The plasmids used for construction of an expression plasmid for the E. coli pntA and pntB genes were pSA2, containing the pnt genes from E. coli (18), the expression vector YEp24-PGK (46), pUC19-TDH, and the centromere-based vector pRS316 (40). pUC19-TDH consists of pUC19 (50) with a PCR-amplified BamHI fragment (1.27 kb) containing the promoter (0.69 kb) and transcription termination (0.58 kb) regions of the yeast TDH3 (triosephosphate dehydrogenase) gene (4) separated by a BglII site.
The coding regions of pntA and pntB (11) were amplified by PCR by using pSA2 as the template and the following primers provided with BglII restriction sites (underlined regions) corresponding to the upstream and downstream ends of the genes: upstream pntA primer 5′-GCGCGAGATCTTCTAGAATGCGAATTGGCATACCAAG-3′; downstream pntA primer 5′-CGCGCAGATCTTCTAGATTAATTTTTGCGGAACATTTTC-3′; upstream pntB primer 5′-GCGCGAGATCTAAAATGTCTGGAGGATTAGTTAC-3′; and downstream pntB primer 5′-CGCGCAGATCTTTACAGAGCTTTCAGGATTGC-3′. The sequences of the PCR-amplified pntA and pntB fragments were verified by DNA sequencing.
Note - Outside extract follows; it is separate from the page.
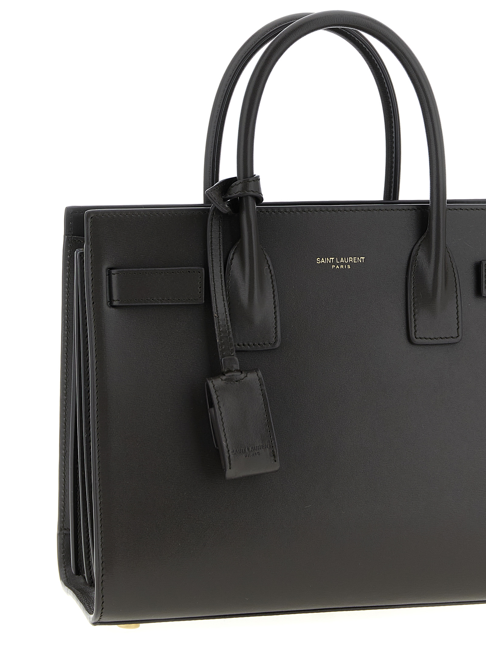 Baby ‘Sac De Jour’ smooth leather handbag with front embossed logo, side gussets with straps, double fixed tubular handle, rigid base with metal feet, removable metal padlock detail, adjustable and removable shoulder strap.

The amplified pntA fragment was digested with BglII and ligated into the BglII site of YEp24-PGK, and the pntB fragment was also digested with BglII and ligated into the BglII site of pUC19-TDH. The pntB fragment containing the TDH3 promoter and terminator was excised from pUC19-TDH by using BamHI and finally was ligated into BamHI-cleaved YEp24-PGK containing the pntA gene. The resulting expression plasmid, YEpPGKαTDHβ (Fig. (Fig.1),1), contained the pntA gene under the control of the PGK1 promoter and the pntB gene under the control of the TDH3 promoter. The reference plasmid YEp24-PGK-TDH, which did not contain the pnt coding regions, was obtained by inserting the TDH3 1.27-kb BamHI promoter-terminator fragment into BamHI-cleaved YEp24-PGK.
In order to construct a yeast-replicating plasmid with a low copy number containing the pntA and pntB genes, we excised a fragment containing the PGK1 promoter and terminator and the pntA gene from the pntA-containing YEp24-PGK derivative by using HindIII and ligated it into HindIII-cleaved pRS316. Finally, a fragment containing the TDH3 promoter and terminator and the pntB gene was excised from the pntB-containing pUC19-TDH derivative by using BamHI and was ligated into BamHI-cleaved pRS316 containing the pntA gene, which resulted in plasmid pRSPGKαTDHβ.
Strain TN2 was transformed with plasmids YEp24-PGK-TDH, YEpPGKαTDHβ, and pRSPGKαTDHβ, which resulted in reference strain TN3 and strains TN24 and TN25, respectively.
Transformants were grown in 1-liter flasks with shaking at 30°C in 200 ml of minimal medium, which contained (per liter) 1.7 g of yeast nitrogen base without amino acids and without ammonium sulfate (Difco Laboratories, Detroit, Mich.), 5 g of (NH4)2SO4, and 22 g of glucose and was buffered to pH 5.8 with 10 g of succinic acid per liter and 6 g of NaOH per liter, until the mid-logarithmic phase. Cells were harvested by centrifugation for 10 min at 4,400 × g and were washed in TED buffer (50 mM Tris-HCl [pH 7.8], 1 mM dithiothreitol, 1 mM EDTA). The pellet was resuspended in 3 ml of TED buffer containing protease inhibitors at the concentration recommended by the manufacturer (Boehringer-Mannheim, Mannheim, Germany) (complete protease inhibitor cocktail) and was vortexed twice for 5 min at 4°C with an equal volume of glass beads (diameter, 0.5 mm). The lysate was centrifuged for 5 min at 12,000 × g at 4°C, and the supernatant was stored at −70°C.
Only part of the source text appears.